Goal of the exercise: Given these entries, repeat exactly the lines starting with the one that has "블랙독 아웃도어 캠핑" and going on through the one that has "Original Item: Only", both included, but none of the pictures.

Supplied entries:

.....

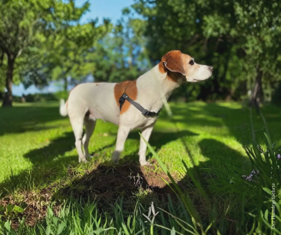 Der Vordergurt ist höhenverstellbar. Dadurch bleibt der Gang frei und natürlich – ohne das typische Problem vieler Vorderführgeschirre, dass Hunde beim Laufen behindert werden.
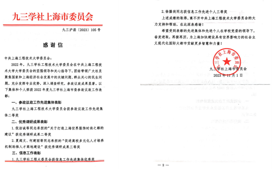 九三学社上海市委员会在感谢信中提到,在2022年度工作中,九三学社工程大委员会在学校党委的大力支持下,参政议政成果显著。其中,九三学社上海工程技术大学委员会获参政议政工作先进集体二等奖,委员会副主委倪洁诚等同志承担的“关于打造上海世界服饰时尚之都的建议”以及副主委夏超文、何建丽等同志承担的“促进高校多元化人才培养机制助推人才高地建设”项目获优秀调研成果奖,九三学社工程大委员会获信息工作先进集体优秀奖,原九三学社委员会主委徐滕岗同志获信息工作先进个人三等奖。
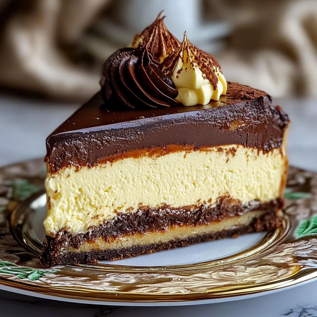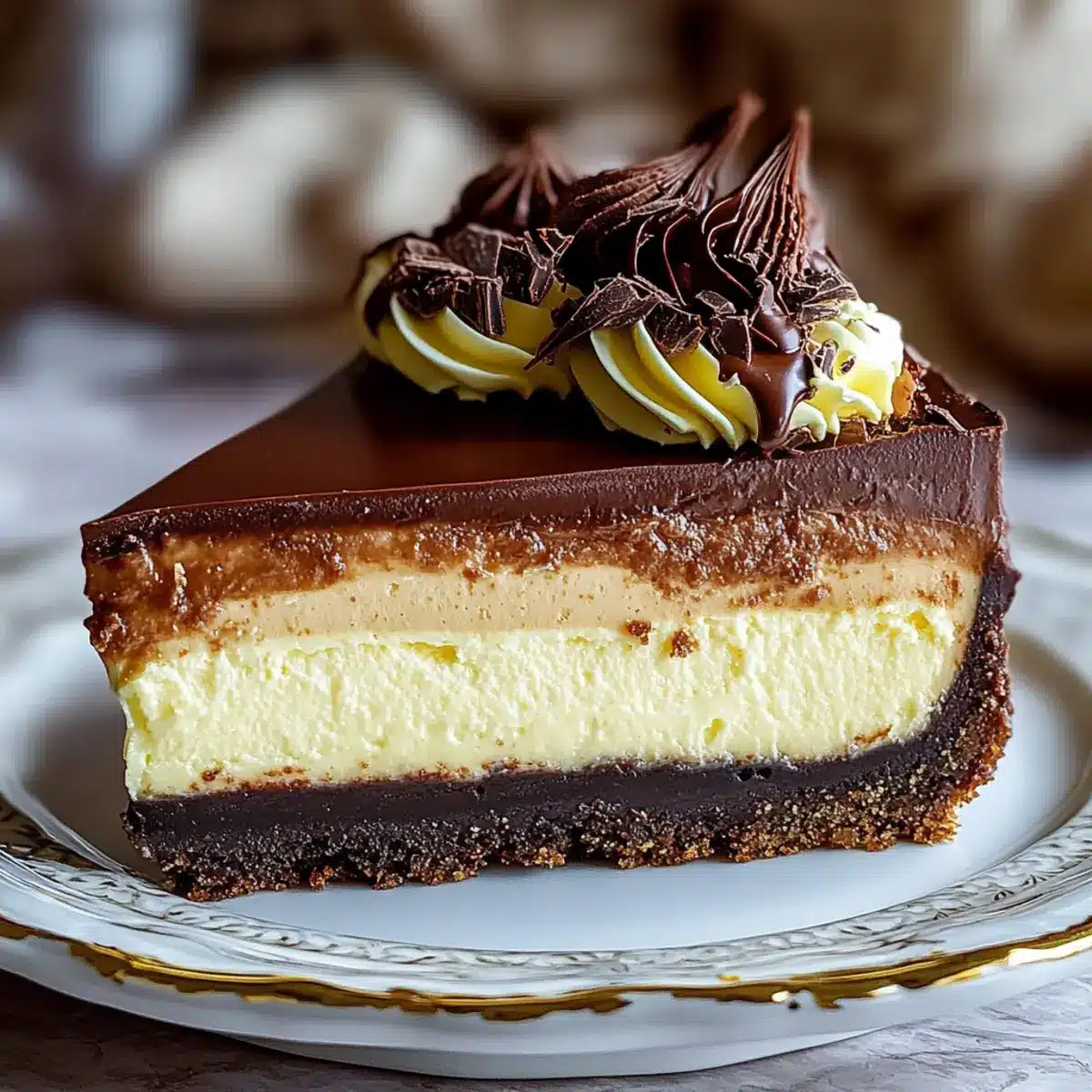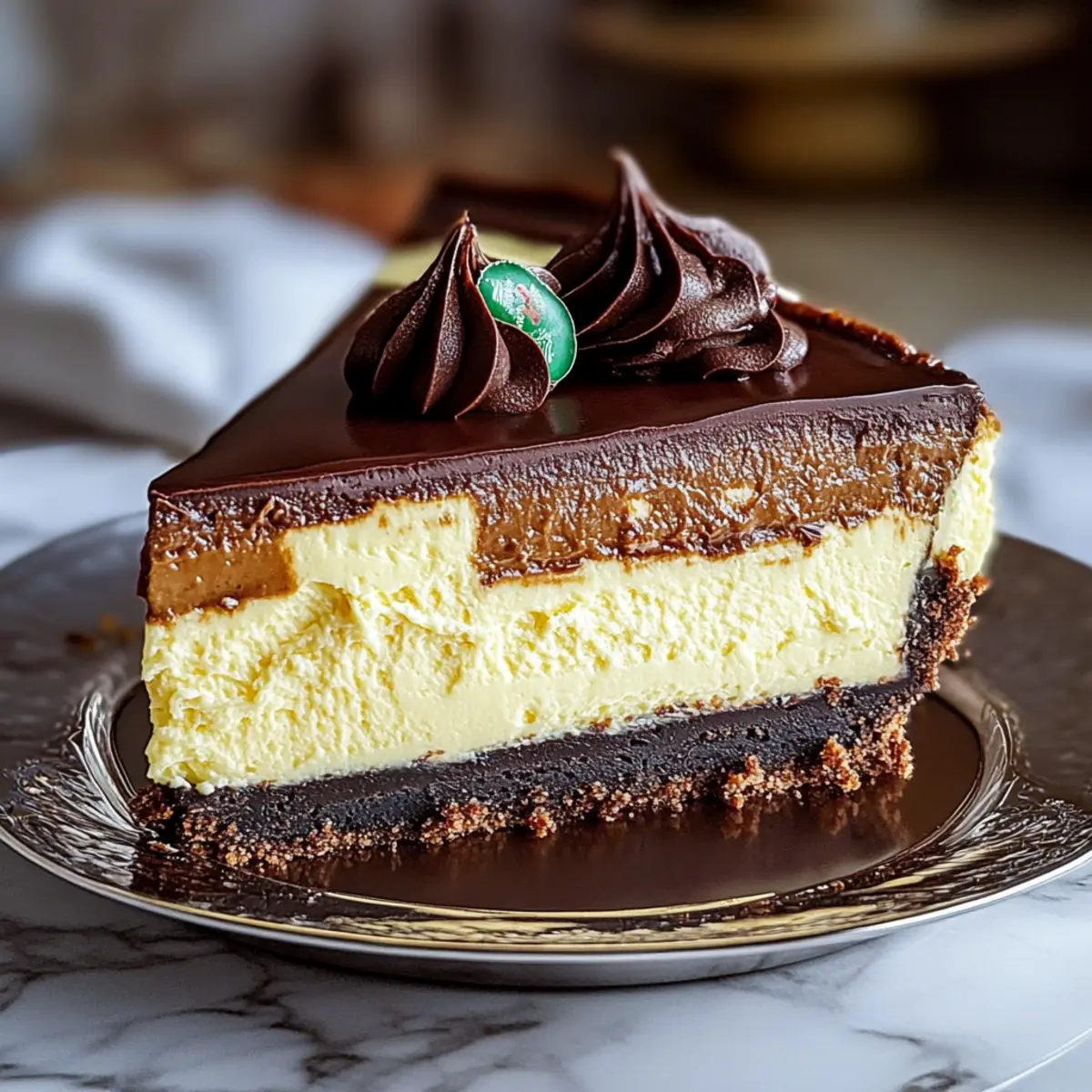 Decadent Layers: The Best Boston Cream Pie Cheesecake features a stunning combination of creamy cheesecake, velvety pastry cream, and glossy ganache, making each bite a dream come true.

.....

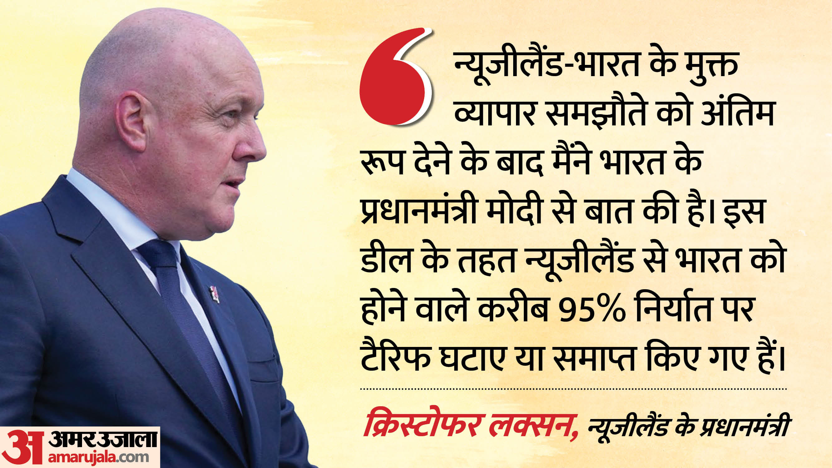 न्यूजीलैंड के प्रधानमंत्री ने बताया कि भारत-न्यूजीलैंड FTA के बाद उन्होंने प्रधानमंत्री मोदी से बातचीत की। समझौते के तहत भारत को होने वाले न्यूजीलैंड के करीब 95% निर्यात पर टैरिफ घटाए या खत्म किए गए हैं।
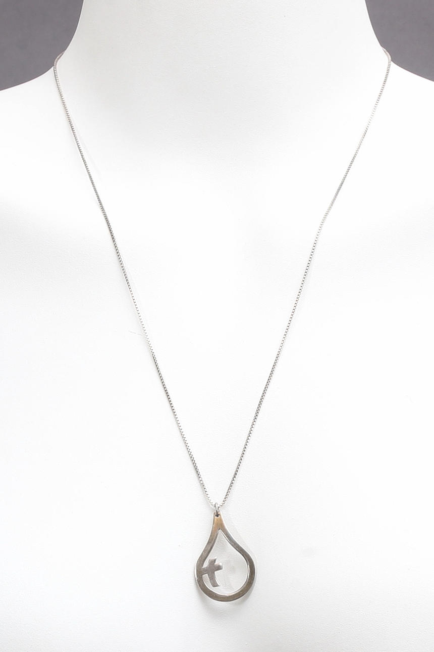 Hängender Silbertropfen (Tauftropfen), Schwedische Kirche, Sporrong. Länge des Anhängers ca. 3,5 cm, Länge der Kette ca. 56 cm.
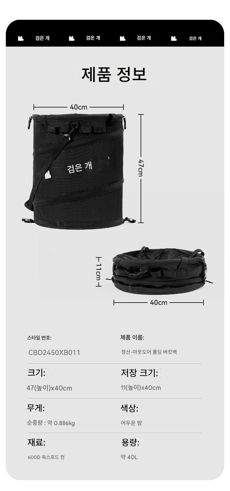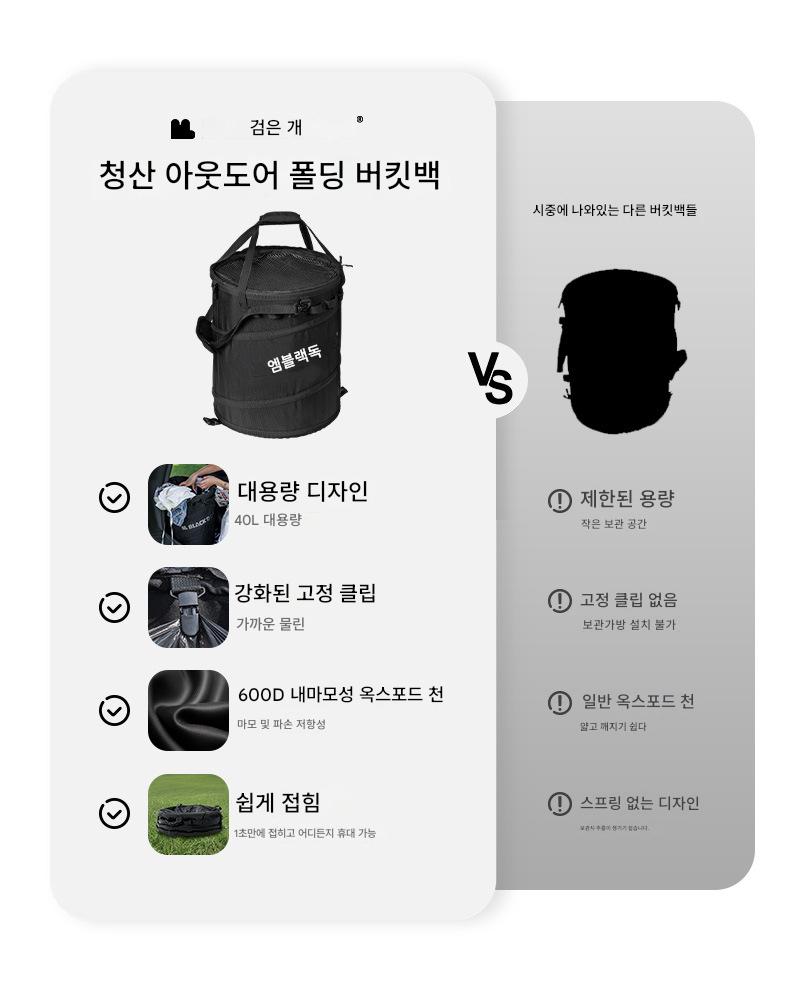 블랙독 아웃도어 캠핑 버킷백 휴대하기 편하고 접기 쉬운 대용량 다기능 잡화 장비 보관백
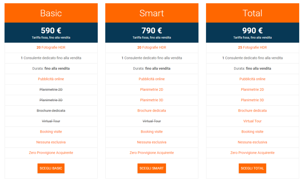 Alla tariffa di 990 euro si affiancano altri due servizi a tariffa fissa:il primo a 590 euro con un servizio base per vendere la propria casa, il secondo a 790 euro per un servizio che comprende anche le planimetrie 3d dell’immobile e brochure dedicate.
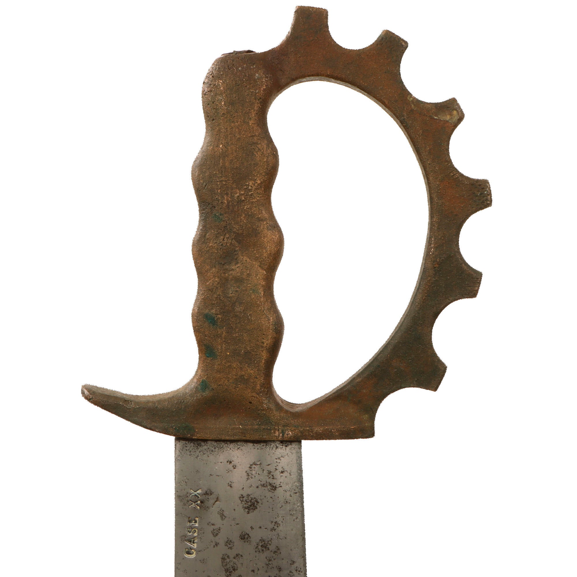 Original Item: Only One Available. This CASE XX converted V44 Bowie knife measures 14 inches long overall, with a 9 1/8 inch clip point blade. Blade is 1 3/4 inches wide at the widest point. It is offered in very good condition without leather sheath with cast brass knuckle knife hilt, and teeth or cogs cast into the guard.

.....

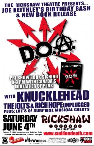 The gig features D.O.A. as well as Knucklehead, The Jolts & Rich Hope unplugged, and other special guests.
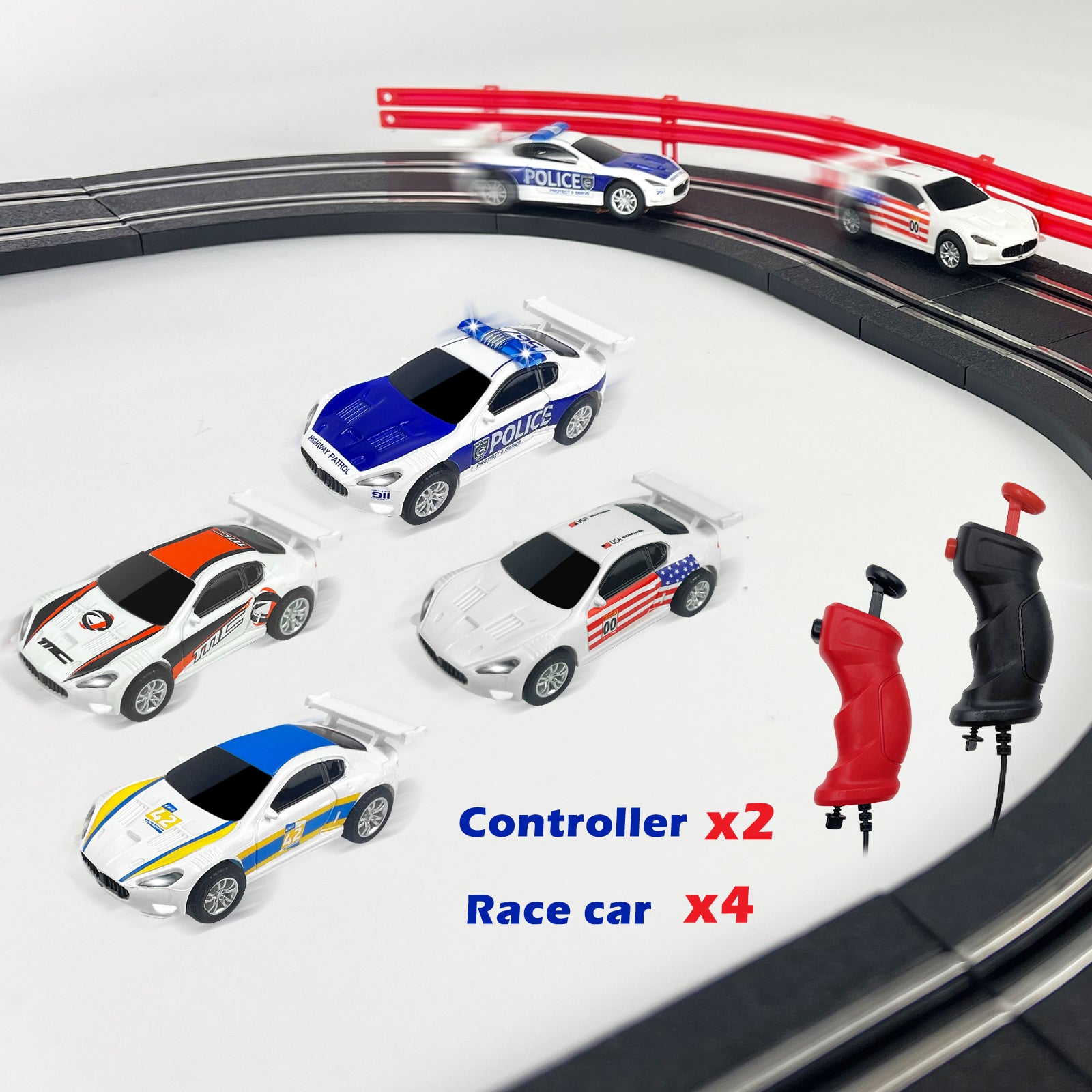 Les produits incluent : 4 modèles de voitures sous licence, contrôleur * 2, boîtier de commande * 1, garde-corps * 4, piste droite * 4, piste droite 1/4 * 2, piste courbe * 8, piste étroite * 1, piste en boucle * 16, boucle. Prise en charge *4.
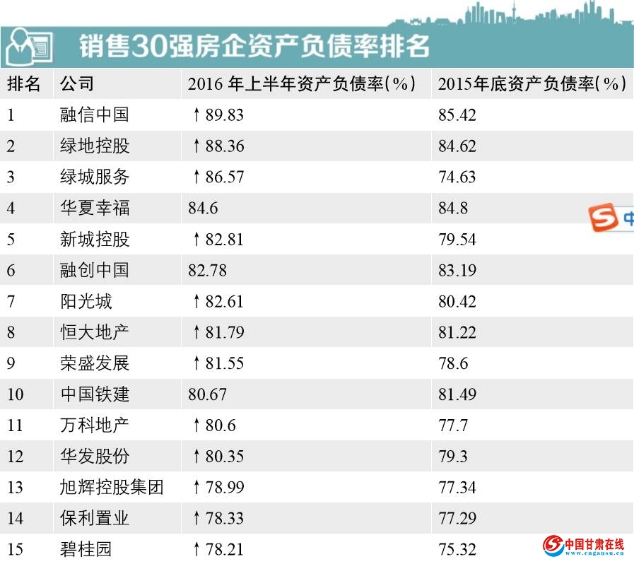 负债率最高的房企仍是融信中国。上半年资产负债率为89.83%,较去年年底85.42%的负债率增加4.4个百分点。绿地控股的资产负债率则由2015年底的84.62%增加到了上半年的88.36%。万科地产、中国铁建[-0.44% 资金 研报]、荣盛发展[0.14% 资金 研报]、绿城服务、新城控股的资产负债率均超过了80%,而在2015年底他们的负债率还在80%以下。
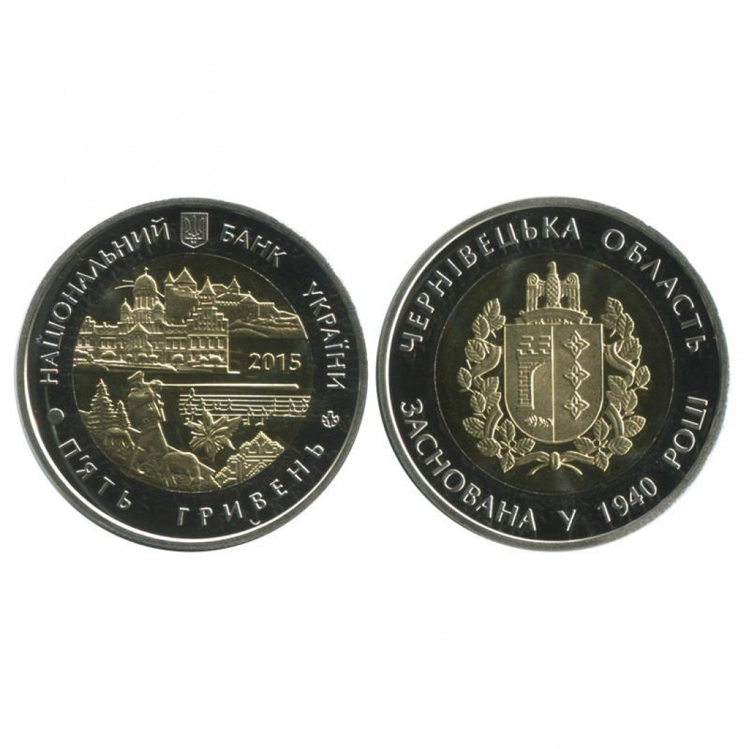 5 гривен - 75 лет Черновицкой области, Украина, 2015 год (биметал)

.....

Task result:
 블랙독 아웃도어 캠핑 버킷백 휴대하기 편하고 접기 쉬운 대용량 다기능 잡화 장비 보관백
 Alla tariffa di 990 euro si affiancano altri due servizi a tariffa fissa:il primo a 590 euro con un servizio base per vendere la propria casa, il secondo a 790 euro per un servizio che comprende anche le planimetrie 3d dell’immobile e brochure dedicate.
 Original Item: Only One Available. This CASE XX converted V44 Bowie knife measures 14 inches long overall, with a 9 1/8 inch clip point blade. Blade is 1 3/4 inches wide at the widest point. It is offered in very good condition without leather sheath with cast brass knuckle knife hilt, and teeth or cogs cast into the guard.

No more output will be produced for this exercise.